▶ TASK STATEMENT
Apart from the images, reproduce all of the data word for word.

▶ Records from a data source
# # #

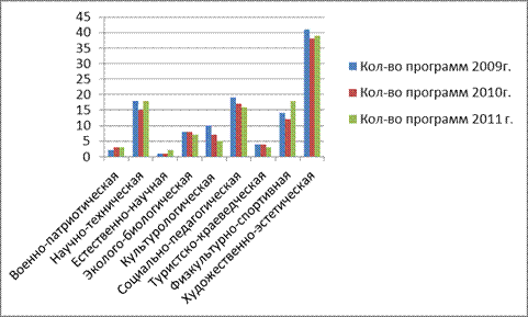 В 2010 – 2011 учебном году Центр творческого развития и гуманитарного образования «Гармония» оказывает дополнительные образовательные услуги по 111 программам дополнительного образования 9 направленностей, что соответствует характеристике вида образовательного учреждения:
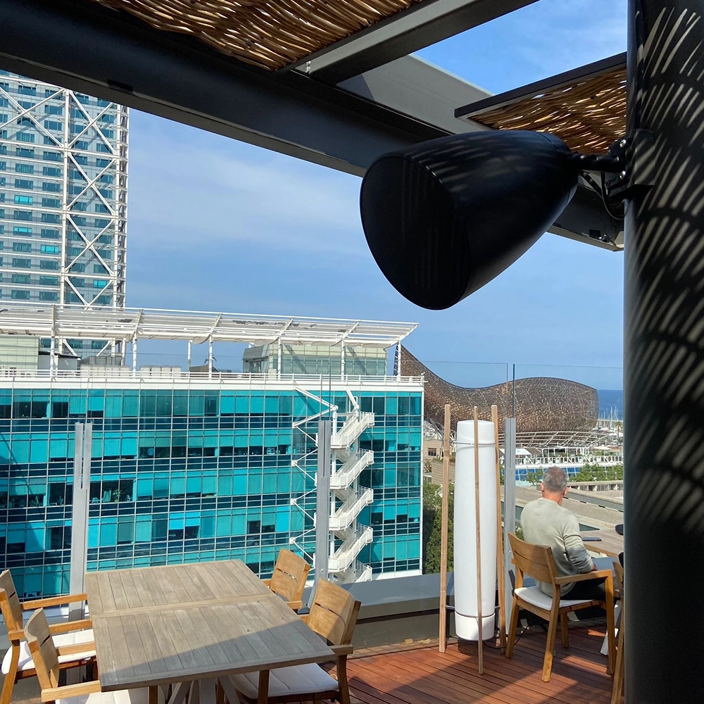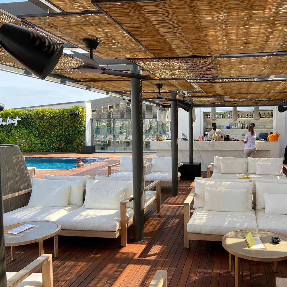 Para dar respuesta a la necesidad del hotel de contar con un sistema de audio mejorado en sus zonas comunes y terraza superior, AUDAC aportó una solución integral a la medida de sus necesidades. Esta incluyó 44 unidades de altavoces ALTI6M/B en color negro, asegurando una reproducción de sonido de alta calidad en las zonas exteriores. Adicionalmente, se instalaron 6 unidades de altavoces de techo CELO5, 12 unidades de CELO6 y 39 unidades de CELO8 en color blanco, para cubrir las distintas zonas con un audio de precisión, sin sobresalir demasiado a simple vista por su fino diseño. Para mejorar la distribución y gestión del audio, se incorporaron 22 unidades de placas de conexión CP45XLFS/B en color negro, 6 unidades de barra de sonido IMEO2/B en color negro.
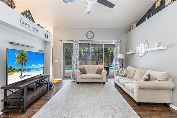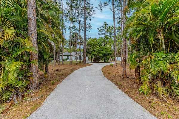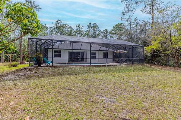 Quality-built Gulfstream home set on 2.73 private acres, surrounded by lush tropical landscaping and true Old Florida charm. This peaceful retreat is framed by mature bougainvillea, fruit trees, pine, and majestic Eureka palms, offering unmatched privacy and a serene setting. Inside, you'll find a spacious, open layout with no carpet throughout. The chef's kitchen features honey-colored granite countertops, solid oak cabinetry, ample prep space, and room to gather. The owner's suite is a true retreat, complete with tray ceiling, walk-in closets, and an adjoining spa-style bath offering dual sinks, a jetted tub, and a large step-down stone shower. Step outside and enjoy the ultimate Florida lifestyle. The property features a concrete pool with stamped concrete sunning deck and LED lighting, screened-in lanai, irrigation system, and a concrete fire pit perfect for evenings under the stars. There is a fenced pet run, ATV trails, and plenty of open space for all your toys. The oversized covered garage includes additional outlets, and the property is equipped with an RV hookup with water and power. Yes, there is even a private gun range tucked away in the backyard for those who appreciate space and privacy. Additional highlights include a newer washer and dryer, newer water system, and a thoughtful setback that delivers peace, quiet, and tranquility without feeling remote. Move-in ready and incredibly private, yet conveniently located just a short drive to Naples' world-famous sugar-sand beaches, dining, shopping, and entertainment. This is a rare opportunity to own acreage, privacy, and modern comfort all in one.
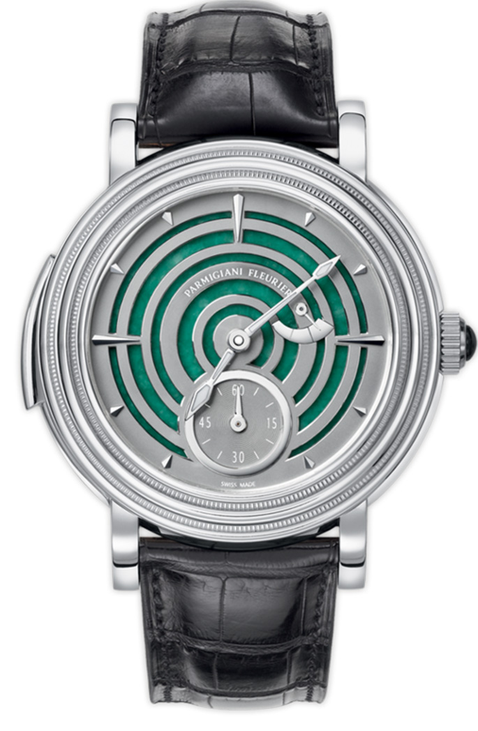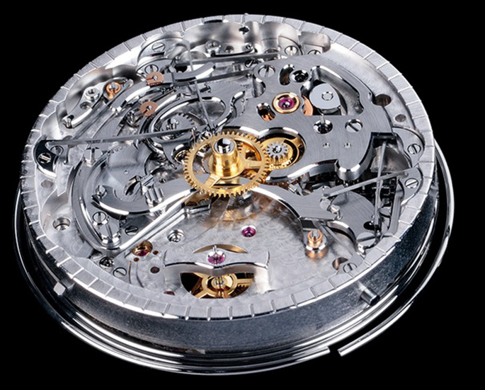 Không chỉ vậy, mặt đồng hồ được tạo từ 2 lớp đĩa: một đĩa màu xanh ngọc Miến Điện và một đĩa được làm bằng vàng trắng với các khe hở hình vân đồng tâm. Đồng hồ hoạt động bằng bộ máy minute repeater lên dây bằng tay, 35 hạt chân kính, dự trữ năng lượng trong 72 giờ.
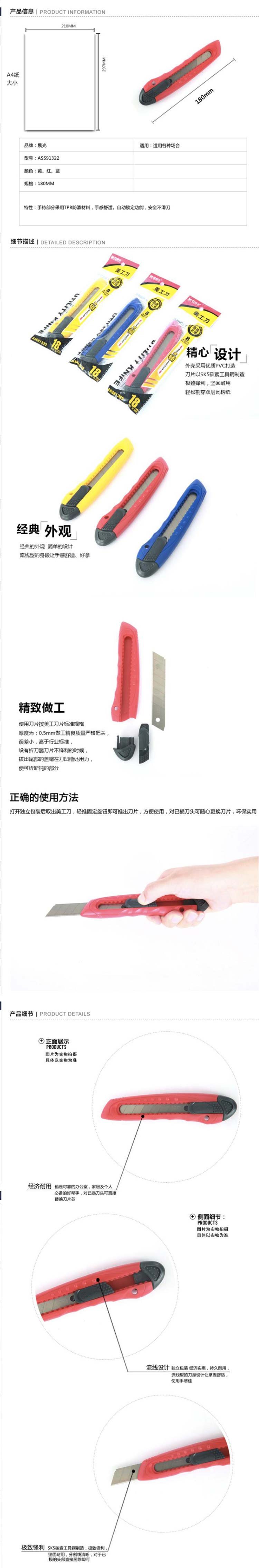 单位:把 ASS91322 推锁 适配18mm美工刀片 包装率1/24/288
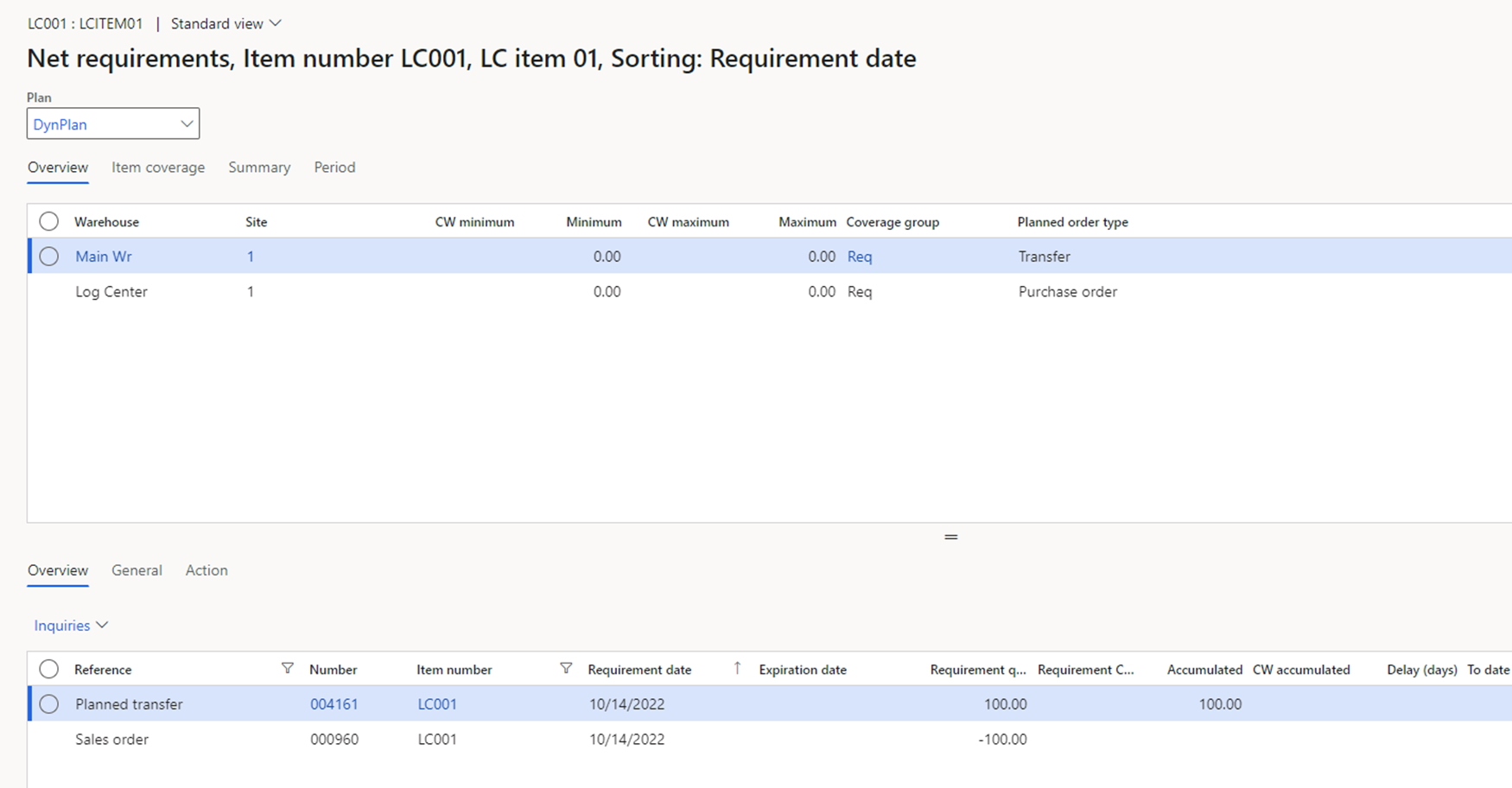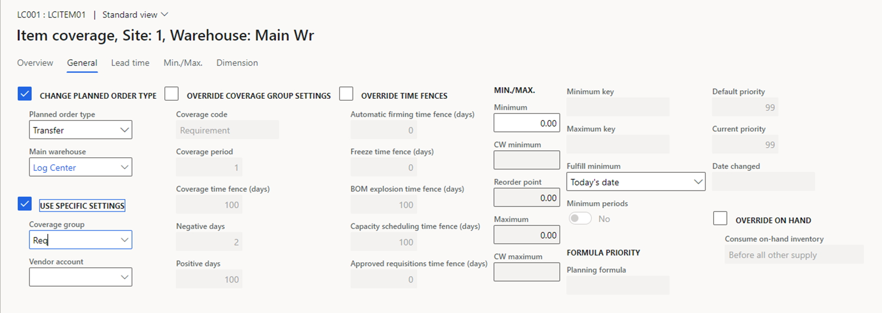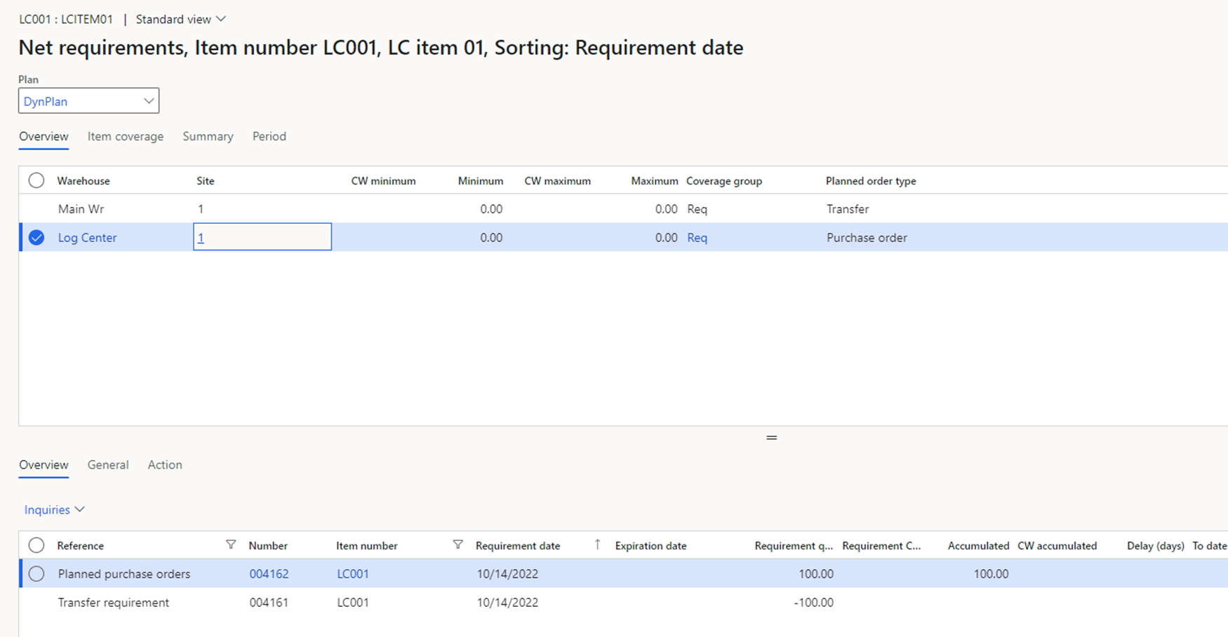 As we saw in the previous case, the planned purchases will be generated automatically without the special item coverage group. Additionally, the user can make the transfer planning to the logistics center a little bit easier. For this, the item should contain the item coverage group for the warehouse of the logistics center. This is shown below.
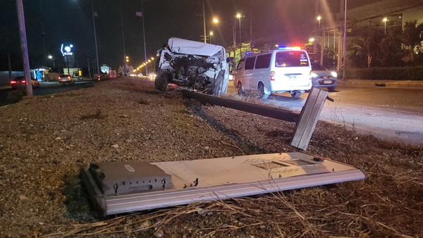 ที่เกิดเหตุบนเกาะกลางถนน พบรถยนต์กระบะ ยี่ห้อ Isuzu D-Max สีขาว ทะเบียน 2 ฒร 8313 กรุงเทพมหานคร ปีนอยู่บนเกาะกลาง สภาพหน้ารถพังยับ ที่พื้นถนนพบเศษกระจกแตกกระจายเกลื่อนถนน ที่บริเวณหน้ารถพบเสาไฟส่องสว่างหัก จำนวน 1 ต้น ห่างออกไปประมาณเกือบ 500 เมตร ที่เลนขวาพบรถตู้พยาบาลเทศบาลเมืองแพรกษาใหม่ จอดอยู่ สภาพท้ายยุบกระจกหลังแตก

# # #

▶ FINISHED TASK
 В 2010 – 2011 учебном году Центр творческого развития и гуманитарного образования «Гармония» оказывает дополнительные образовательные услуги по 111 программам дополнительного образования 9 направленностей, что соответствует характеристике вида образовательного учреждения:
 Para dar respuesta a la necesidad del hotel de contar con un sistema de audio mejorado en sus zonas comunes y terraza superior, AUDAC aportó una solución integral a la medida de sus necesidades. Esta incluyó 44 unidades de altavoces ALTI6M/B en color negro, asegurando una reproducción de sonido de alta calidad en las zonas exteriores. Adicionalmente, se instalaron 6 unidades de altavoces de techo CELO5, 12 unidades de CELO6 y 39 unidades de CELO8 en color blanco, para cubrir las distintas zonas con un audio de precisión, sin sobresalir demasiado a simple vista por su fino diseño. Para mejorar la distribución y gestión del audio, se incorporaron 22 unidades de placas de conexión CP45XLFS/B en color negro, 6 unidades de barra de sonido IMEO2/B en color negro.
 Quality-built Gulfstream home set on 2.73 private acres, surrounded by lush tropical landscaping and true Old Florida charm. This peaceful retreat is framed by mature bougainvillea, fruit trees, pine, and majestic Eureka palms, offering unmatched privacy and a serene setting. Inside, you'll find a spacious, open layout with no carpet throughout. The chef's kitchen features honey-colored granite countertops, solid oak cabinetry, ample prep space, and room to gather. The owner's suite is a true retreat, complete with tray ceiling, walk-in closets, and an adjoining spa-style bath offering dual sinks, a jetted tub, and a large step-down stone shower. Step outside and enjoy the ultimate Florida lifestyle. The property features a concrete pool with stamped concrete sunning deck and LED lighting, screened-in lanai, irrigation system, and a concrete fire pit perfect for evenings under the stars. There is a fenced pet run, ATV trails, and plenty of open space for all your toys. The oversized covered garage includes additional outlets, and the property is equipped with an RV hookup with water and power. Yes, there is even a private gun range tucked away in the backyard for those who appreciate space and privacy. Additional highlights include a newer washer and dryer, newer water system, and a thoughtful setback that delivers peace, quiet, and tranquility without feeling remote. Move-in ready and incredibly private, yet conveniently located just a short drive to Naples' world-famous sugar-sand beaches, dining, shopping, and entertainment. This is a rare opportunity to own acreage, privacy, and modern comfort all in one.
 Không chỉ vậy, mặt đồng hồ được tạo từ 2 lớp đĩa: một đĩa màu xanh ngọc Miến Điện và một đĩa được làm bằng vàng trắng với các khe hở hình vân đồng tâm. Đồng hồ hoạt động bằng bộ máy minute repeater lên dây bằng tay, 35 hạt chân kính, dự trữ năng lượng trong 72 giờ.
 单位:把 ASS91322 推锁 适配18mm美工刀片 包装率1/24/288
 As we saw in the previous case, the planned purchases will be generated automatically without the special item coverage group. Additionally, the user can make the transfer planning to the logistics center a little bit easier. For this, the item should contain the item coverage group for the warehouse of the logistics center. This is shown below.
 ที่เกิดเหตุบนเกาะกลางถนน พบรถยนต์กระบะ ยี่ห้อ Isuzu D-Max สีขาว ทะเบียน 2 ฒร 8313 กรุงเทพมหานคร ปีนอยู่บนเกาะกลาง สภาพหน้ารถพังยับ ที่พื้นถนนพบเศษกระจกแตกกระจายเกลื่อนถนน ที่บริเวณหน้ารถพบเสาไฟส่องสว่างหัก จำนวน 1 ต้น ห่างออกไปประมาณเกือบ 500 เมตร ที่เลนขวาพบรถตู้พยาบาลเทศบาลเมืองแพรกษาใหม่ จอดอยู่ สภาพท้ายยุบกระจกหลังแตก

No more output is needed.